This is an automated email from the ASF dual-hosted git repository.
yuqi4733 pushed a commit to branch branch-1.2
in repository https://gitbox.apache.org/repos/asf/gravitino.git
The following commit(s) were added to refs/heads/branch-1.2 by this push:
new 0b4612d3af [Cherry-pick to branch-1.2] [#10315]fix(client-python): Fix
GCS credential handling for gcsfs 2026.2.0 compatibility (#10317) (#10328)

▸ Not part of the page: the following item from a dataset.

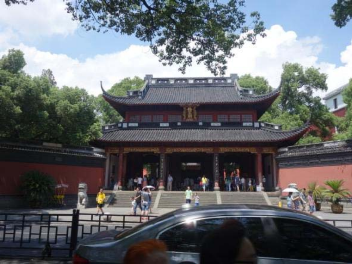
서호의 명승지 중 하나인 악왕의 묘

0b4612d3af is described below
commit 0b4612d3af28c3a26228868c1e4c1c86432b44b5
Author: github-actions[bot]
<41898282+github-actions[bot]@users.noreply.github.com>
AuthorDate: Tue Mar 10 17:15:47 2026 +0800
[Cherry-pick to branch-1.2] [#10315]fix(client-python): Fix GCS credential
handling for gcsfs 2026.2.0 compatibility (#10317) (#10328)
**Cherry-pick Information:**
- Original commit: 34938d52aff8d2485015941724b01a8a0edfa314
- Target branch: `branch-1.2`
- Status: ✅ Clean cherry-pick (no conflicts)
Co-authored-by: geyanggang <[email protected]>
---
.../gravitino/filesystem/gvfs_storage_handler.py | 51 +++++++++++++++++++++-
1 file changed, 50 insertions(+), 1 deletion(-)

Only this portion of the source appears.